Work to complete
Transcribe the records that follow in their entirety, omitting any pictures.

(Source data)
☆ ☆ ☆ ☆ ☆ ☆ ☆
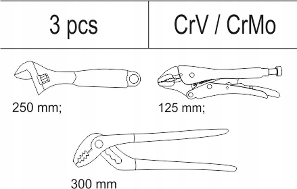 - wkład - klucz nastawny YT-2172 długość 260 mm - szczypce samozaciskowe YT-2449 długość 125 mm - szczypce nastawne YT-2091 długość 300 mm
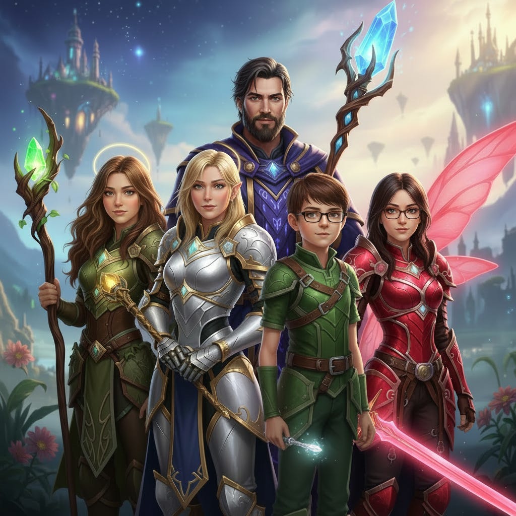 [The image above is where the slide went once it was real. Me as a mage. Her in silver armor. Three kids, each with their own class and powers. ]
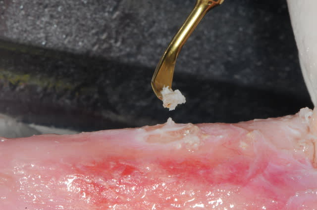 > On peut parfaitement apprécier le comblement naturel de l'alvéole accompagné de
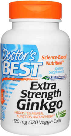 Suplement diety Doctor’s Best Extra Strength Ginkgo 120 mg zawiera najwyższej jakości standaryzowany ekstrakt z liści Ginkgo biloba. Każda kapsułka zawiera minimum 24% glikozydów flawonowych i 6% laktonów terpenowych. Jest to jedna z najwyższych ilości substancji czynnych w tego typu preparatach. Produkt jest całkowicie naturalny, nie zawiera żadnych sztucznych dodatków czy barwników. Jest odpowiedni zarówno dla wegetarian, jak i wegan.
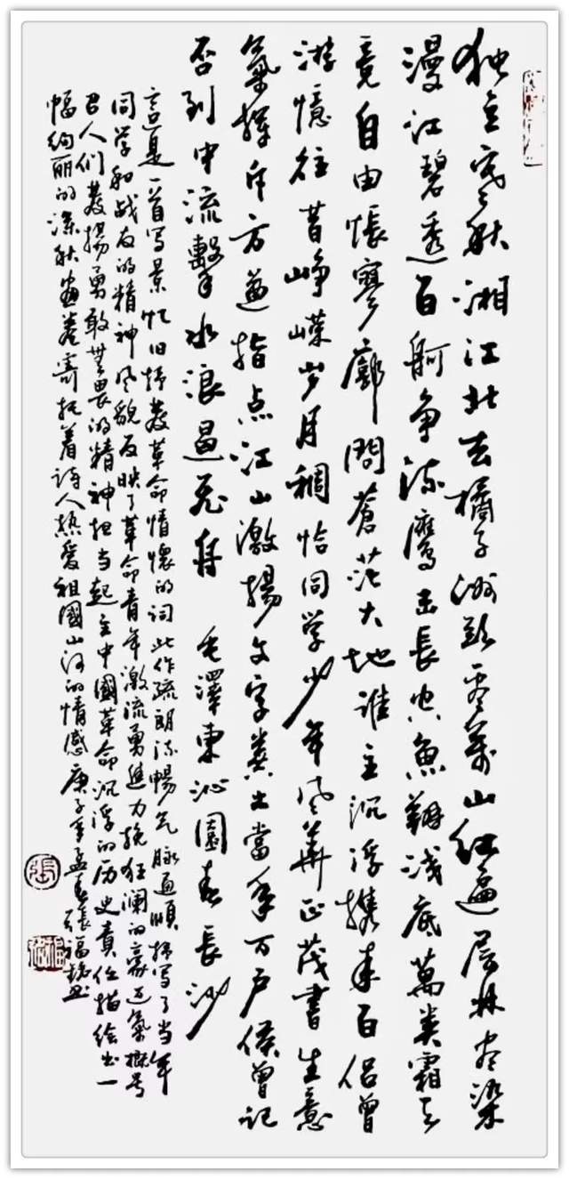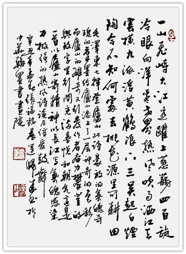 他画画有军队生活给予的气势磅礴,也有文人修养带来的儒雅清芬,写意梅兰竹菊,也可以盈满诗情画意。一作一品,耐于读,神于观,看得人赏心悦目,醉享无限。又有博涉多优,奋笔作书法的精气神。诸书皆成,尤其一笔行草写得瘦硬有精神。磨砺书法,观尽前人笔墨奇迹,见地深刻,可以在起笔落笔之际,把行草作品写得遂心应手,天质自然!
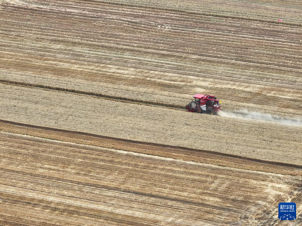 6月6日,收割机在神禾塬万亩优质粮食生产基地作业(无人机照片)。
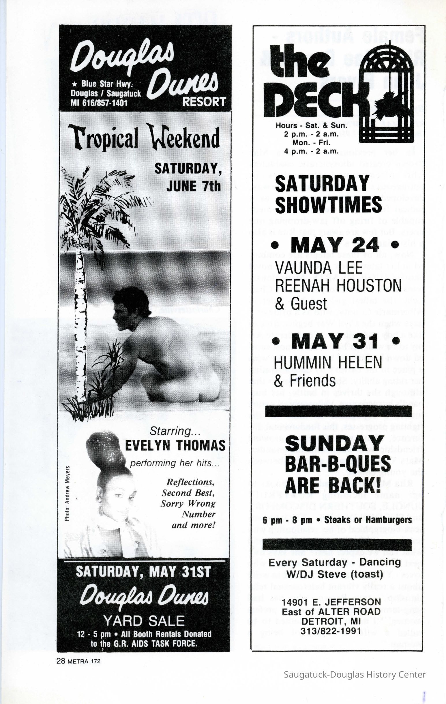 An advertisement in Metra for two events at Douglas Dunes: tropical weekend and the charity yard sale for the Grand Rapids AIDS Task Force.
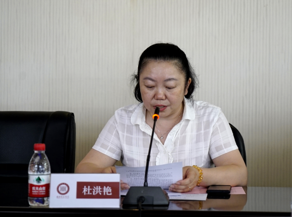 武昌理工学院科研处处长杜洪艳主委代表第二届民盟武昌理工学院委员会作工作报告
☆ ☆ ☆ ☆ ☆ ☆ ☆
Response to this task
 - wkład - klucz nastawny YT-2172 długość 260 mm - szczypce samozaciskowe YT-2449 długość 125 mm - szczypce nastawne YT-2091 długość 300 mm
 [The image above is where the slide went once it was real. Me as a mage. Her in silver armor. Three kids, each with their own class and powers. ]
 > On peut parfaitement apprécier le comblement naturel de l'alvéole accompagné de
 Suplement diety Doctor’s Best Extra Strength Ginkgo 120 mg zawiera najwyższej jakości standaryzowany ekstrakt z liści Ginkgo biloba. Każda kapsułka zawiera minimum 24% glikozydów flawonowych i 6% laktonów terpenowych. Jest to jedna z najwyższych ilości substancji czynnych w tego typu preparatach. Produkt jest całkowicie naturalny, nie zawiera żadnych sztucznych dodatków czy barwników. Jest odpowiedni zarówno dla wegetarian, jak i wegan.
 他画画有军队生活给予的气势磅礴,也有文人修养带来的儒雅清芬,写意梅兰竹菊,也可以盈满诗情画意。一作一品,耐于读,神于观,看得人赏心悦目,醉享无限。又有博涉多优,奋笔作书法的精气神。诸书皆成,尤其一笔行草写得瘦硬有精神。磨砺书法,观尽前人笔墨奇迹,见地深刻,可以在起笔落笔之际,把行草作品写得遂心应手,天质自然!
 6月6日,收割机在神禾塬万亩优质粮食生产基地作业(无人机照片)。
 An advertisement in Metra for two events at Douglas Dunes: tropical weekend and the charity yard sale for the Grand Rapids AIDS Task Force.
 武昌理工学院科研处处长杜洪艳主委代表第二届民盟武昌理工学院委员会作工作报告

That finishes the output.